FIG. 16 is a flowchart exemplifying a procedure of a first form of adjustment of the parameter for signal processing for a person with hearing loss in the second form of the processing of reproducing the plurality of pieces of voice data.


In step S41, the parameter controller 52 sets the angle θ of the sound source to 0 degrees as an initial value. The processing proceeds from step S41 to step S42.


In step S42, the parameter controller 52 causes the 3D rendering processing unit 31 and the signal processing units 41L and 41R for a person with hearing loss to execute 3D rendering processing for a person with hearing loss in the direction θ on the test sound source (test object sound source S) at the angle θ. As a result, left sound data and right sound data for a person with hearing loss are generated. Note that, in the 3D rendering processing for a person with hearing loss in the direction θ, the 3D rendering processing unit 31 uses the head related transfer function corresponding to the angle θ in the individually-optimized HRTF data set. The signal processing units 41L and 41R for a person with hearing loss use the initial value of the parameter for signal processing for a person with hearing loss corresponding to the angle θ in the parameter set for signal processing for a person with hearing loss. The initial value of the parameter for signal processing for a person with hearing loss may be the value of the parameter of the hearing aid usually used by the user, may be the value of the parameter adjusted for another user, or may be another value. Left sound data and right sound data generated by the 3D rendering processing for a person with hearing loss in the direction θ are output from the sound output units 42L and 42R for a person with hearing loss, respectively, and are presented to the user.
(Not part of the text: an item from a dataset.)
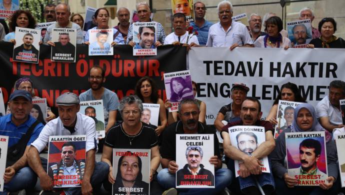 Kronik kalp hastası Sabri Kaya’nın hastalığına dikkat çekilen eylemde basın açıklamasını İHD üyesi Taylan Bekin yaptı. OHAL koşullarında tutuklamaların artması ile tutukluların yaşam koşullarının çekilmez bir hal aldığını belirten Bekin, “Ağır hasta mahpusların tedavi edilmemesi bir yana zorunlu ilaçlarına ulaşmaları dahi engellenmektedir. Ambulans yerine ring aracı ile hastaneye götürülme, kelepçeli muayenenin dayatılması, çıplak arama ve düzenli tedavilerin yapılmaması mahpusların sağlık durumlarını daha da ağırlaştırmakta ve giderek ölümlerine davetiye çıkarmaktadır” dedi.
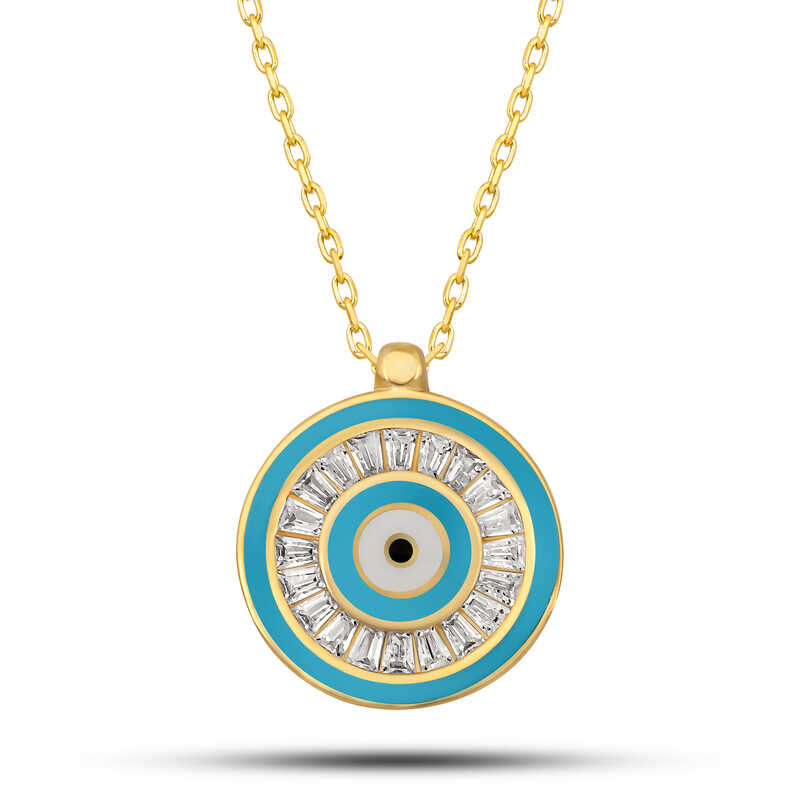 Silver Gold Evil Eye Bead Women's Necklace Add elegance to your style with this specially designed necklace where elegance and meaning come together. The evil eye bead necklace, made of gold-plated 925 sterling silver, has a dazzling appearance with blue and white enamel details. The evil eye figure, surrounded by elegant rings, is adorned with stones that reflect light in the best way, creating a sparkling effect. This necklace, which combines the traditional protective power of the evil eye bead with a modern design, is an ideal accessory for both daily use and special occasions. Gold-plated silver products preserve their shine for a long time and oxidation is delayed. Like all silver necklaces, the gold evil eye necklace is entirely handmade. Due to silver and precious stones, there may be a ± 10% deviation from the average product weight. Width: 1.50 cm Length: 1.50 cm Average Weight: 3.10 gr. Chain Length: 45.00 cm

The processing proceeds from step S42 to step S43.


In step S43, the parameter controller 52 judges whether or not the angle (sound image localization) of the sound source perceived by the user is appropriate on the basis of input information from the user interface unit 51. Specifically, in a case where the angle difference between the angle at which the sound source is arranged with respect to the user's head in the virtual space and the angle of the sound source input by the user from the user interface unit 51 is equal to or smaller than a predetermined threshold, the parameter controller 52 judges that the sound image localization is appropriate, and in a case where the angle difference is larger than the threshold, the parameter controller 52 judges that the sound image localization is not appropriate.


In a case where it is judged in step S43 that the sound image localization is not appropriate, the processing proceeds to step S44, and the parameter controller 52 adjusts the parameter for signal processing for a person with hearing loss by the method described in FIG. 9 or the like. The processing proceeds from step S44 to step S45.


In step S45, the parameter controller 52 judges whether or not to perform readjustment on the basis of input information from the user interface unit 51. Note that whether or not to perform readjustment may be specified by the user using the user interface unit 51 or may be forcibly performed by the parameter controller 52.


In a case where it is judged in step S45 that readjustment is to be performed, the processing returns to step S42 and repeats from step S42. In a case where it is judged not to perform readjustment in step S45, the processing proceeds to step S46.


In a case where it is judged in step S43 that the sound image localization is appropriate, the processing proceeds to step S66. In step S46, the parameter controller 52 updates the angle θ of the sound source to a value obtained by adding 30 degrees to the current value. The processing proceeds from step S46 to step S47. In step S47, the parameter controller 52 judges whether or not the angle θ is less than 360 degrees.


In a case where it is judged in step S47 that the angle θ is less than 360 degrees, the processing returns to step S42 and repeats from step S42. In a case where it is judged in step S47 that the angle θ is not less than 360 degrees, the processing terminates the process flow of the present flowchart.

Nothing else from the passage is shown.